KBinsDiscretizer#

class cuml.preprocessing.KBinsDiscretizer(*args, **kwargs)[source]#

Bin continuous data into intervals.

Parameters:

n_binsint or array-like, shape (n_features,) (default=5)

The number of bins to produce. Raises ValueError if n_bins < 2.

encode{‘onehot’, ‘onehot-dense’, ‘ordinal’}, (default=’onehot’)

Method used to encode the transformed result.

onehot: Encode the transformed result with one-hot encoding and return a sparse matrix. Ignored features are always stacked to the right.
onehot-dense: Encode the transformed result with one-hot encoding and return a dense array. Ignored features are always stacked to the right.
ordinal: Return the bin identifier encoded as an integer value.
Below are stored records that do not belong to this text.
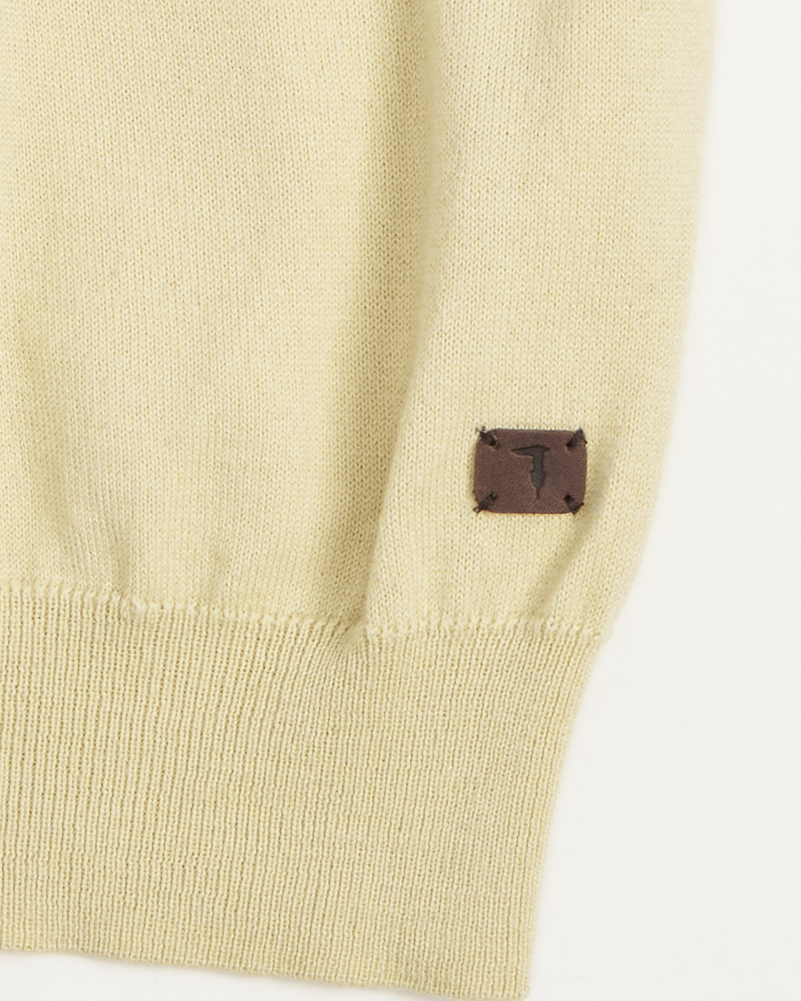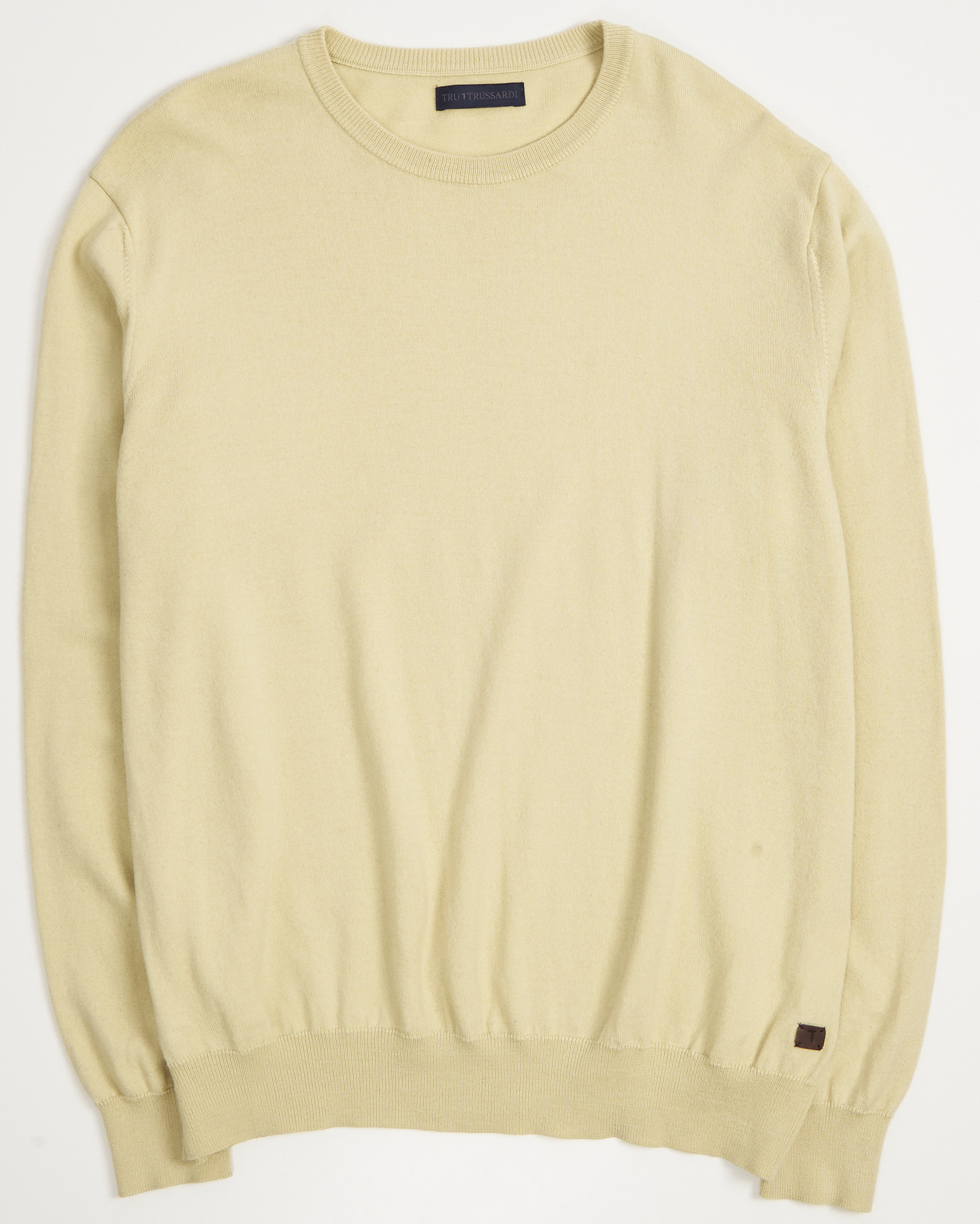 Джемпер Trussardi из 50% мягкой шерсти. Свободная посадка оверсайз, небольшая кожаная нашивка с логотипом внизу изделия.
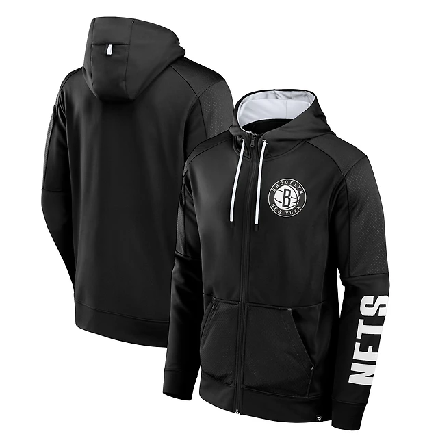 Men's Fanatics Black Brooklyn Nets Baller Defender Performance Full-Zip Hoodie
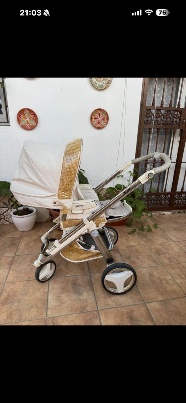 Cochecito Bebecar de edición limitada con un diseño elegante y detalles dorados. - Estructura metálica. - Capazo espacioso. - Capota con detalles brillantes.
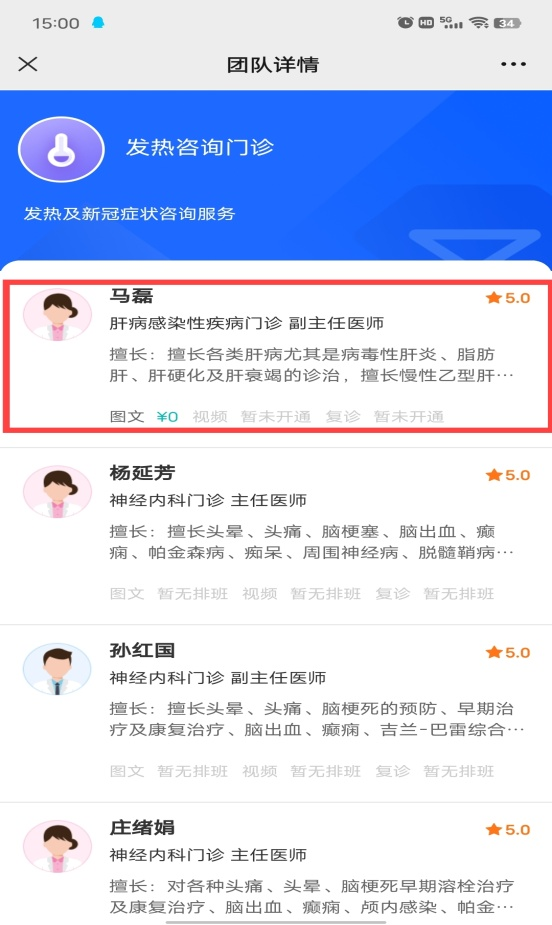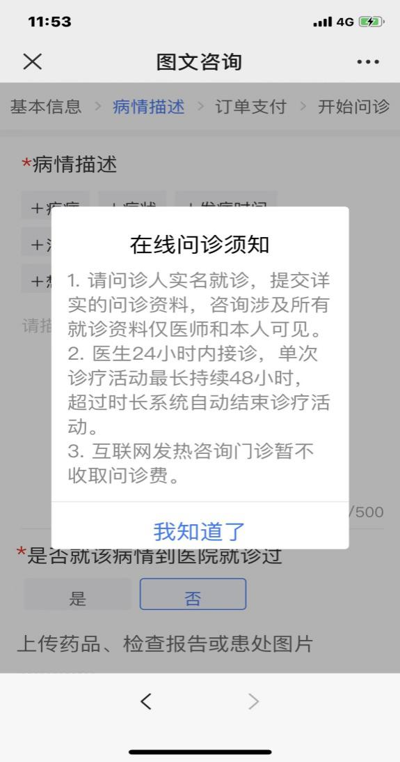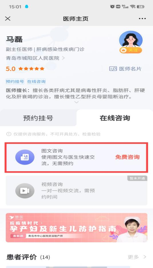 2、在坐诊医生列表中选中医生,点击【在线咨询】-【图文咨询】中点击【免费咨询】进行问诊。
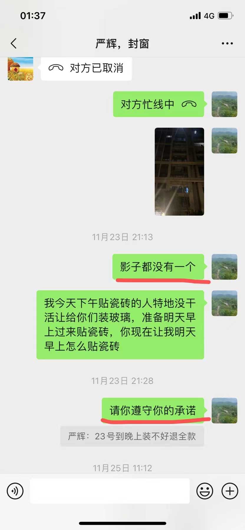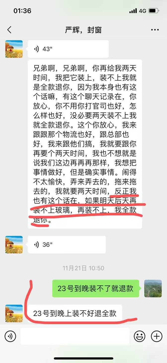 本人于2023年8月19日与该单位签订南阳台及北卧室封窗合同,合同金额为28000元,合同签订后本人随即支付90%的预付款,共计25200元,合同中注明合同签订后25-30日到货且玻璃厚度为6mm,送全屋纱窗,本人于10月24日起通知该负责人(严辉,电话:13776572341)可以安装南阳台窗户,该负责人一直未按合同安装日期履行且一再拖延,过程中该负责人承诺免除剩余10%的合同款后直至11月25日才安装完成,安装完成后本人发现窗户厚度未按合同要求6mm,实际为5mm,且未送全屋纱窗,后本人又催促该负责人安装北卧室窗户,该负责人又未能在承诺日期内完成安装,后此人联系不上,该单位未在合同工期内完成安装,且安装质量不符合合同约定,本人觉得该单位未按合同约定履行合同精神,存在欺诈行为,本人要求该单位退还已支付合同款且赔偿3倍金额。
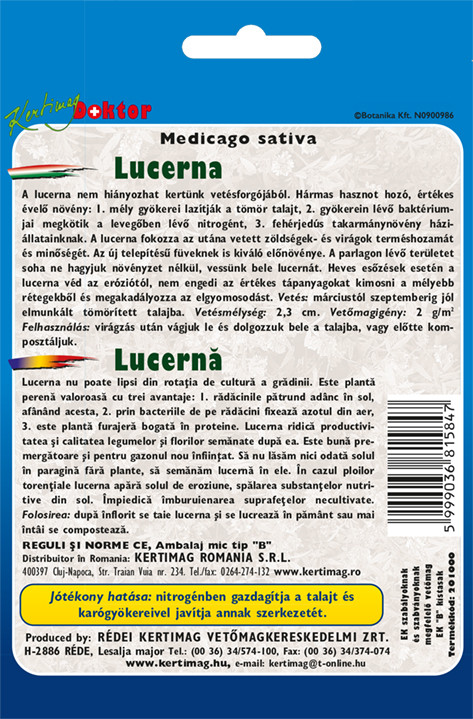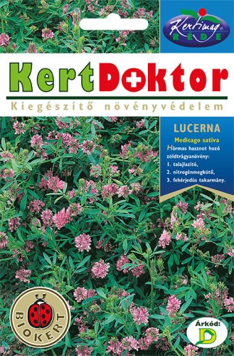Hármas hasznot hozó, értékes évelő növény: 1. mély gyökerei lazítják a tömör talajt, 2. gyökerein lévő baktériumai megkötik a levegőben lévő nitrogént, 3. fehérjedús takarmánynövény háziállatainknak. A lucerna fokozza az utána vetett zöldségek- és virágok terméshozamát és minőségét. Az új telepítésű füveknek is kiváló előnövénye. A parlagon lévő területet soha ne hagyjuk növényzet nélkül, vessünk bele lucernát. Heves esőzések esetén a lucerna véd az eróziótól, nem engedi az értékes tápanyagokat kimosni a mélyebb rétegekből és megakadályozza az elgyomosodást.
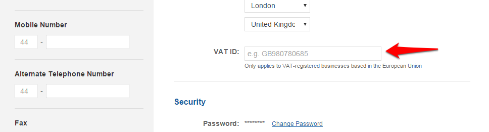 You can provide your VAT ID at the time of signing up for a Customer account. If you did not add it at the time of signing up, you can provide it from your Control Panel by clicking the icon at the top right corner of the page and then clicking on Manage Profile. You can then enter your VAT ID in the provided field.

strategy{‘uniform’, ‘quantile’, ‘kmeans’}, (default=’quantile’)

Strategy used to define the widths of the bins.

uniform: All bins in each feature have identical widths.
quantile: All bins in each feature have the same number of points.
kmeans: Values in each bin have the same nearest center of a 1D k-means cluster.

Attributes:

n_bins_int array, shape (n_features,): Number of bins per feature. Bins whose width are too small (i.e., <= 1e-8) are removed with a warning.
bin_edges_array of arrays, shape (n_features, ): The edges of each bin. Contain arrays of varying shapes (n_bins_, ) Ignored features will have empty arrays.

Methods

`fit`(X[, y])	Fit the estimator.
`inverse_transform`(Xt)	Transform discretized data back to original feature space.
`transform`(X)	Discretize the data.

See also

cuml.preprocessing.Binarizer: Class used to bin values as 0 or 1 based on a parameter threshold.

Notes

In bin edges for feature i, the first and last values are used only for inverse_transform. During transform, bin edges are extended to:

np.concatenate([-np.inf, bin_edges_[i][1:-1], np.inf])

You can combine KBinsDiscretizer with cuml.compose.ColumnTransformer if you only want to preprocess part of the features.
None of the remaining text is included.